Work to be completed -
The listing below holds pictures; exclude them. Return exactly the lines from the one with "Application gratuite pour" through the one with "Mdau wa mapambano".

Excerpted data -
_ _ _

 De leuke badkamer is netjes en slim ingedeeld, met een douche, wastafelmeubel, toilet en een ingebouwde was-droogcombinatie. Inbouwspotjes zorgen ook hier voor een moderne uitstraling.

_ _ _

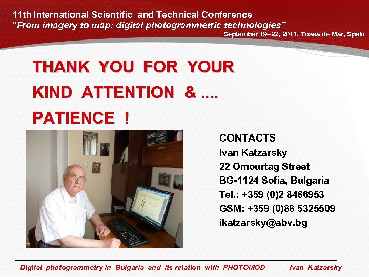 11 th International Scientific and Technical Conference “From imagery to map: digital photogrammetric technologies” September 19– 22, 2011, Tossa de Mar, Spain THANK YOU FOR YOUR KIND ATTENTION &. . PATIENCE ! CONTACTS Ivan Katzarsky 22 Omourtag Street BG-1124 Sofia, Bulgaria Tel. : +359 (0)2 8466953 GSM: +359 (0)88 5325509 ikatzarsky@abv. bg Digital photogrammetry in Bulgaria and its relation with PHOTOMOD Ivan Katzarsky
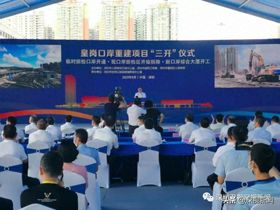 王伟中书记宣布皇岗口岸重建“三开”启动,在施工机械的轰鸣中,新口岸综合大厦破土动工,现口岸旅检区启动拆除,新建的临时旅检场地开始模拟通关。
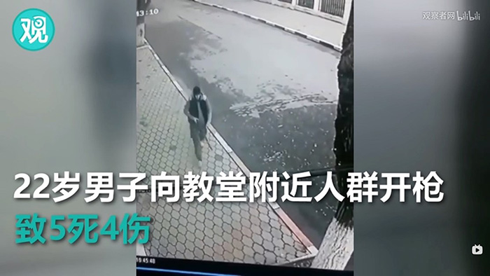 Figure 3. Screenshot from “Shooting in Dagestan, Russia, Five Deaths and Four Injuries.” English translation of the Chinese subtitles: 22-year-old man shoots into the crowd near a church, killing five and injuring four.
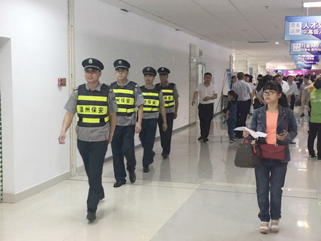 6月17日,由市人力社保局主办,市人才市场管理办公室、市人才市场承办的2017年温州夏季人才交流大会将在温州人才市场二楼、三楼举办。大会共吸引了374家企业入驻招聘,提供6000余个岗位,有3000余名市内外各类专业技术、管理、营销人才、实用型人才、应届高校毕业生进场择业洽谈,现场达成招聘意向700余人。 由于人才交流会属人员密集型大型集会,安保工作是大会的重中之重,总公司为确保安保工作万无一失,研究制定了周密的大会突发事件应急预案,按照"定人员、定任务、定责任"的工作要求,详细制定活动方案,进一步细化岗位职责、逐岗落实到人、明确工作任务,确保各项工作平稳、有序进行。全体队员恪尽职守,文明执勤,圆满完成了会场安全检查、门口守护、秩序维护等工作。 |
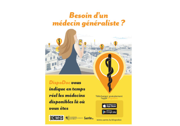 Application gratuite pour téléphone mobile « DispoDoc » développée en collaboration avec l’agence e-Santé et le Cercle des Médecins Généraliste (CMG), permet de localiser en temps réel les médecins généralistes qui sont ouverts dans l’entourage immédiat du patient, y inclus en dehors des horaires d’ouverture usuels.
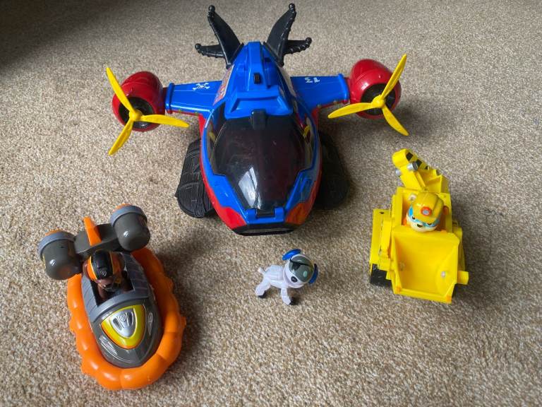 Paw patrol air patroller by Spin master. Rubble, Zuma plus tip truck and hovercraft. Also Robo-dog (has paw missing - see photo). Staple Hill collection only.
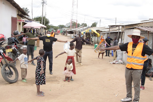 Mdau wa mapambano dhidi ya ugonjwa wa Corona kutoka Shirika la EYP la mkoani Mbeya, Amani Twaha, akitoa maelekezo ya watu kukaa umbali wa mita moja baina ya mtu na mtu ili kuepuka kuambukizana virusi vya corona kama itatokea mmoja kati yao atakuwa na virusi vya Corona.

_ _ _

Result of the exercise -
 Application gratuite pour téléphone mobile « DispoDoc » développée en collaboration avec l’agence e-Santé et le Cercle des Médecins Généraliste (CMG), permet de localiser en temps réel les médecins généralistes qui sont ouverts dans l’entourage immédiat du patient, y inclus en dehors des horaires d’ouverture usuels.
 Paw patrol air patroller by Spin master. Rubble, Zuma plus tip truck and hovercraft. Also Robo-dog (has paw missing - see photo). Staple Hill collection only.
 Mdau wa mapambano dhidi ya ugonjwa wa Corona kutoka Shirika la EYP la mkoani Mbeya, Amani Twaha, akitoa maelekezo ya watu kukaa umbali wa mita moja baina ya mtu na mtu ili kuepuka kuambukizana virusi vya corona kama itatokea mmoja kati yao atakuwa na virusi vya Corona.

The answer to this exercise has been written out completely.